━━ Task input ━━
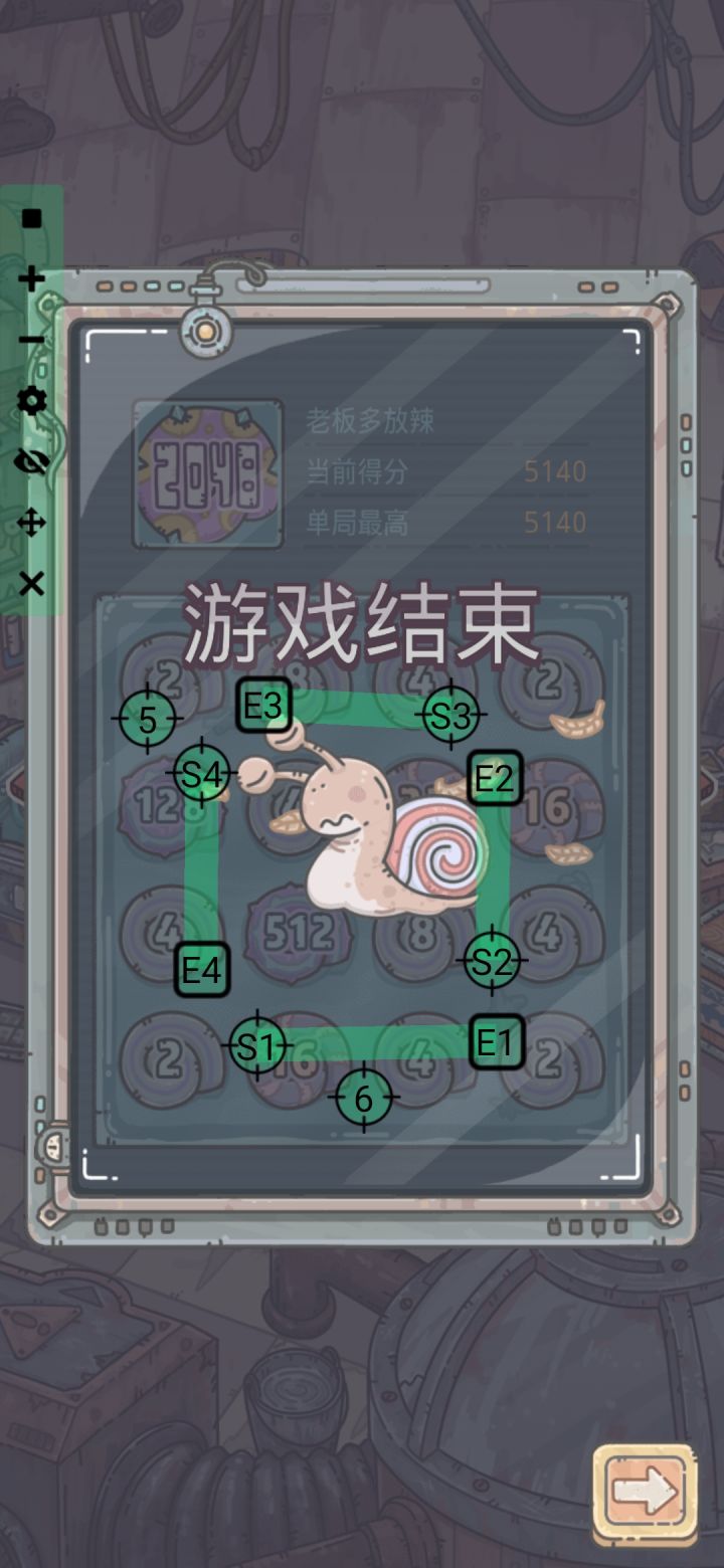 只是提供一个连点器无脑挂机思路,每局无脑画圈两千分起步,直接上图滑动按键s1延迟0.5秒,滑动按键S2.S3.S4依次加0.5秒的延迟,也就是0.5s或者500ms。按键5和按键6是为了游戏结束后重新开始游戏,按键5延迟间隔为一秒,时间太短会点到其他游戏,按键6是为了点击开始游戏,然后4个滑动按键不听循环,这俩按键可以全程开启,不影响游戏过程。按键位置与数据仅供参考,只是提供一个懒人挂机方法。
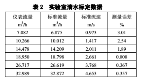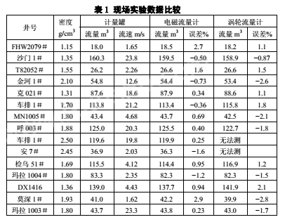 現(xiàn)場試驗(yàn)所用測量管的內(nèi)徑為DN50,通過高壓由壬接入泥漿管線,并串接渦輪流量計(jì)進(jìn)行比較,采用標(biāo)準(zhǔn)計(jì)量罐測試。計(jì)量鉆井泥漿密度范圍為1.15g/cm³~2.50g/cm³,固井設(shè)計(jì)施工現(xiàn)場一次性替漿量為18m³~160m³,替漿瞬時(shí)流量為0.2m³/min~2.8m³/min(流速:1.6~23.8m/s);通過近15口井的施工應(yīng)用,結(jié)果如表1所示。試驗(yàn)表明儀表計(jì)量誤差小于1%;在流速2.0m/s以下,隨著流量的減少測試誤差逐漸提高,在流速1.0m/s左右計(jì)量精度降到3%左右。經(jīng)分析,主要是由零點(diǎn)漂移引起的,這點(diǎn)與實(shí)驗(yàn)室用清水標(biāo)定結(jié)果基本吻合。使用DN50的測量管,實(shí)驗(yàn)室標(biāo)定結(jié)果如表2所示。試驗(yàn)證明,采用雙頻矩形波作為勵(lì)磁信號(hào),可有效地規(guī)避和抑止固井泥漿的流動(dòng)噪聲和現(xiàn)場震動(dòng)等所帶來的低頻噪聲,從而顯著提高儀表計(jì)量泥漿的精度。
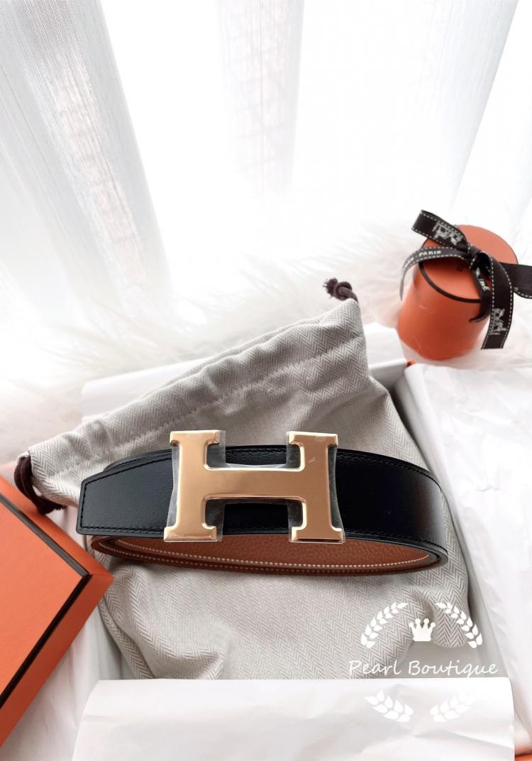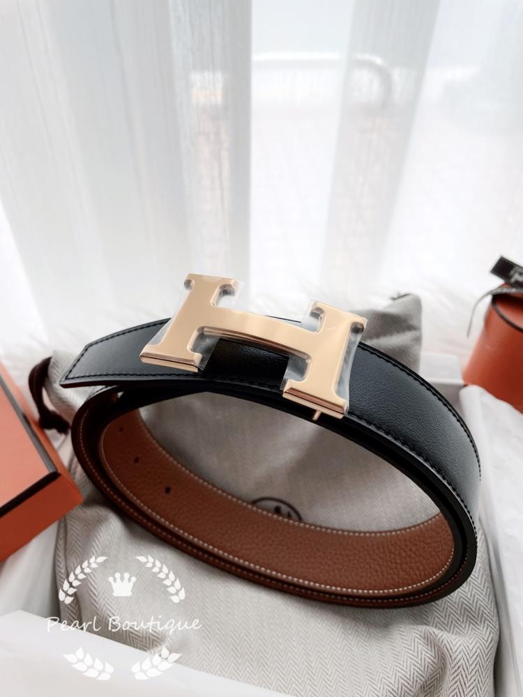 ✔37Gold金棕色 x 經典黑 雙面使用 / 金H釦
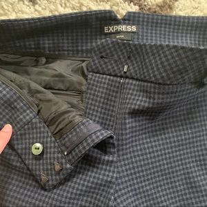 Express slacks with a navy gingham pattern. Straight/wide pant leg. They are not flare. Editorial style.
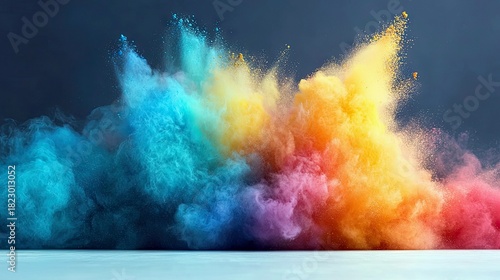 © Melati, Obraz premium A dynamic explosion of vibrant colored powder, with hues of blue, green, yellow, orange, and pink, against a dark background.
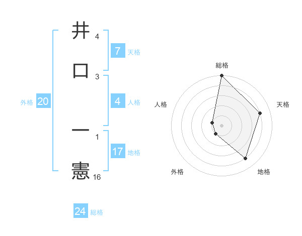 井口 一憲さんの地格は17画の4点!
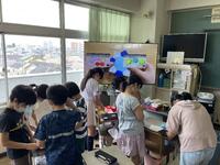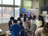 教室に持ち帰り、撮影した動画を大型モニターにリモートで投影して、撮影者が動画を見ながら説明をします。子供たちは、いろいろな場所での後、しみ込み方の違いを観察します。
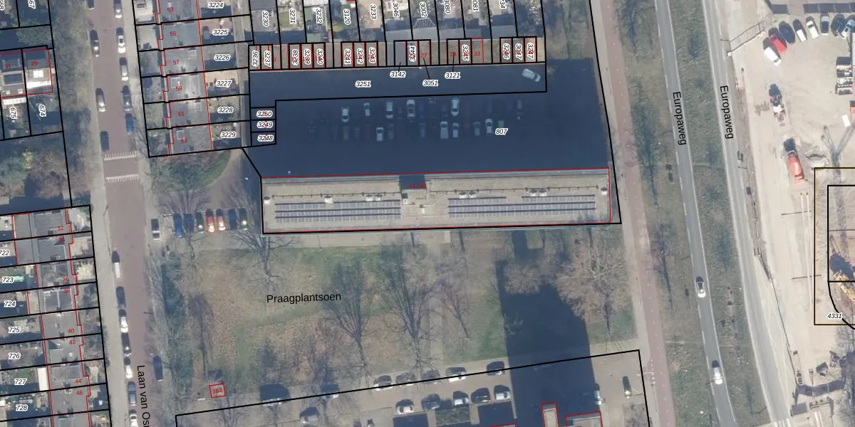 Het perceel waarop Praagplantsoen 115 staat heeft een oppervlakte van 3023 m². Dit is een zeer groot perceel. De perceeloppervlakte wordt geregistreerd door het Kadaster. Gedetailleerde informatie over de maten van dit perceel kunt u vinden in het rapport Kadastrale kaart met maatvoering van Praagplantsoen 115.
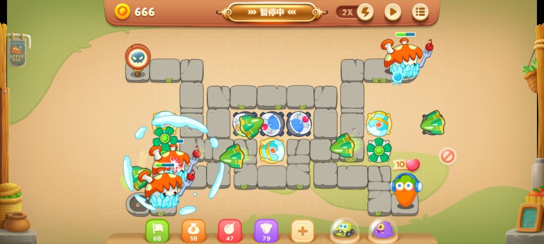 风扇自动清理怪物的时候会把中间的格子清理出来,这个位置放个减速炮塔,然后把右侧的风扇和导弹升满级。
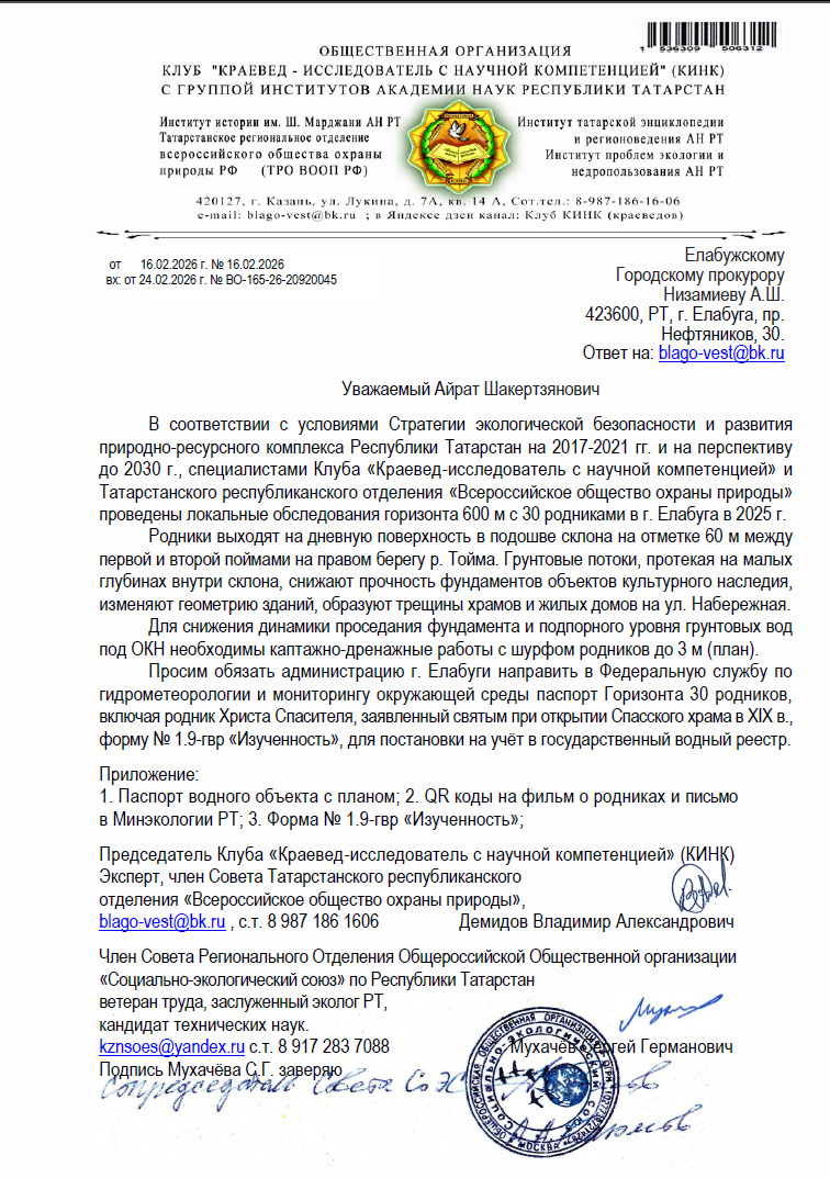 По обращению старожилов г. Елабуги к общественным экспертам 07.03.2025 г. организован выезд на родник 14.03.2025 г. На условиях статьи 1.5 Водного кодекса проведены работы по определению геологических, гидрологических и морфометрических характеристик водного объекта. В результате обследования экспертом, членом Совета ТРО ВООП Демидовым В. А. была охвачена территория от источников до устий речек Ела, Буга, Шумиха и пойма на право-левобережьях р. Тойма в южной части города. Выявлен горизонт длиной 600 м из 30 родников и криниц. Обосновано то, что город является карстовым гнездом "Елабужское" с сечением (З-В) 4,2 км. Автором подготовлен трактат с описанием, выводами, рекомендациями, видео и фото фиксацией объекта, который рекомендован в виде пособия для школ. Разработанный паспорт водного объекта по форме 1.9 «Изученность» направлен в Минэкологию РТ № Кол/2336 от 27.08.2025 г. для содействия в включении в Государственный водный реестр. Однако, Глава Елабужского м.р. РТ (мэр Елабуги) решил
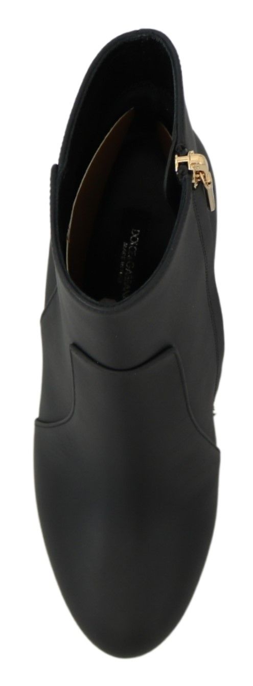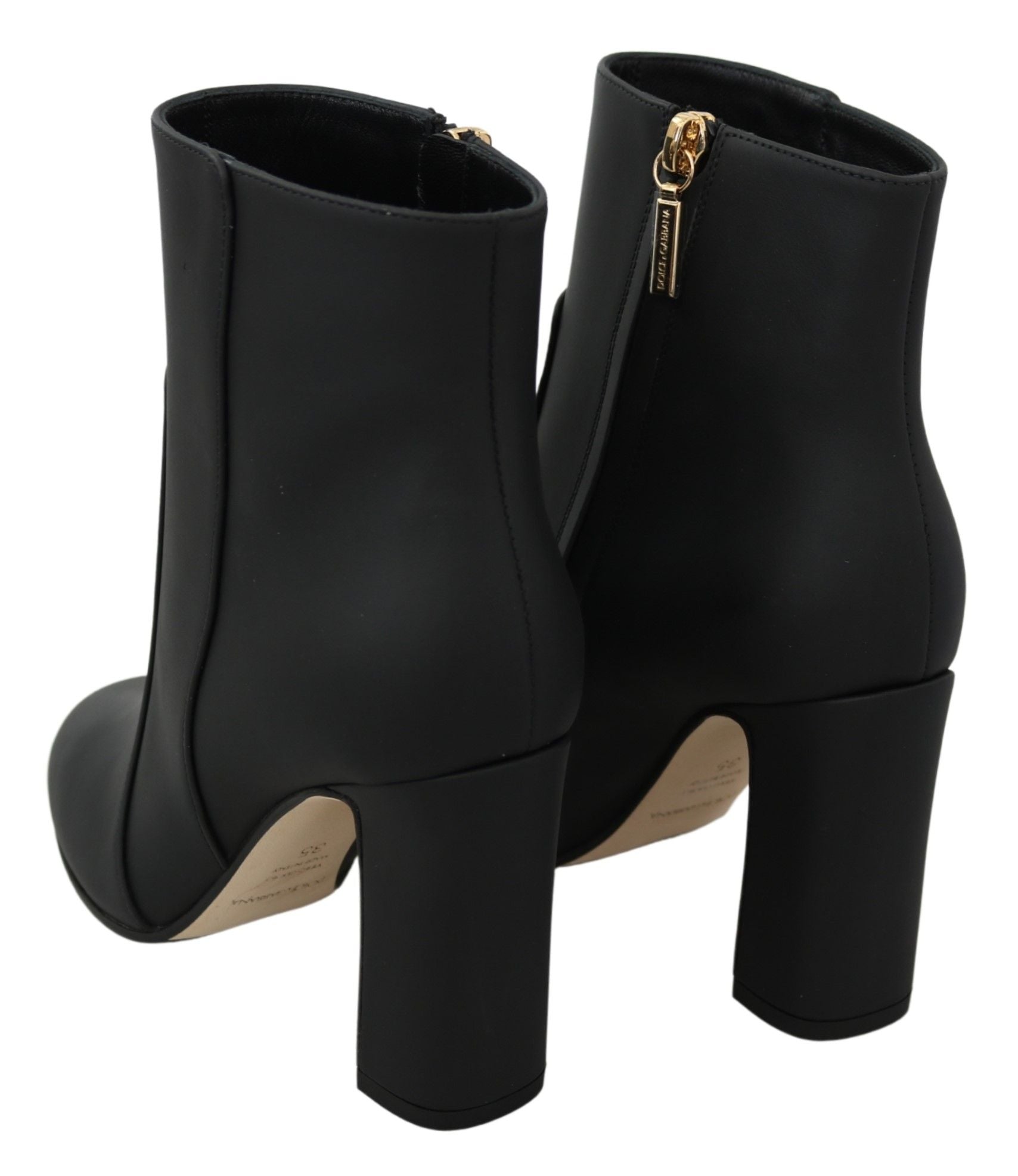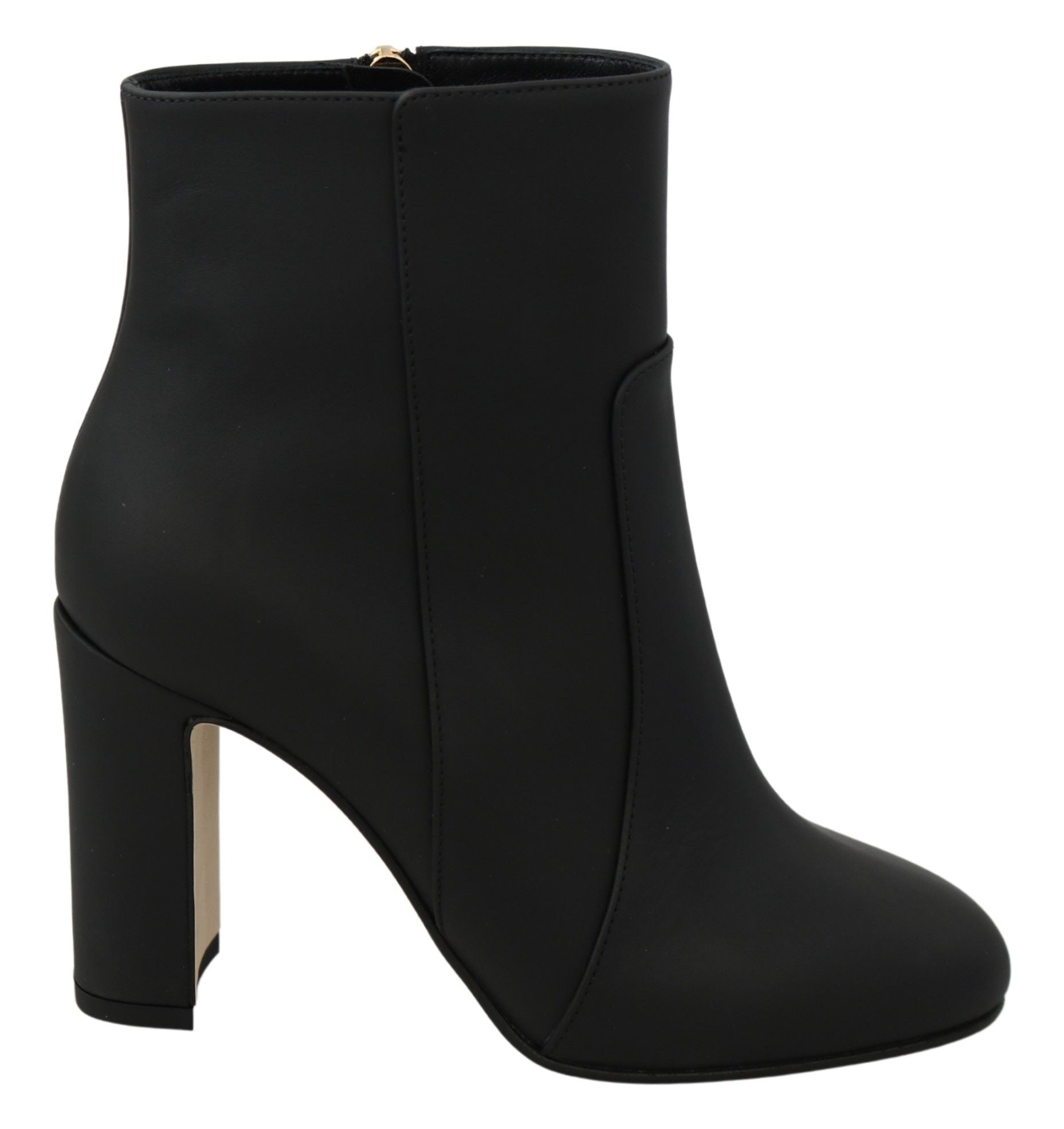 Step into luxury and style with these exquisite Dolce & Gabbana boots. Brand new with tags, these 100% authentic short high heel boots are a perfect blend of fashion and comfort. Crafted from premium black leather, they feature a rubber and leather sole with a convenient zipper opening on the side. Intricate logo details add an exclusive touch to these Italian-made boots, ensuring they’re not just footwear but a statement of elegance.
━━━
Task directions:
Find the line with "經典黑 雙面使用 / 金H釦" and the line with "井口 一憲さんの地格は17画の4点!" in the records above. Copy both and all lines between them exactly, without pictures.

Response area:
 ✔37Gold金棕色 x 經典黑 雙面使用 / 金H釦
 Express slacks with a navy gingham pattern. Straight/wide pant leg. They are not flare. Editorial style.
 © Melati, Obraz premium A dynamic explosion of vibrant colored powder, with hues of blue, green, yellow, orange, and pink, against a dark background.
 井口 一憲さんの地格は17画の4点!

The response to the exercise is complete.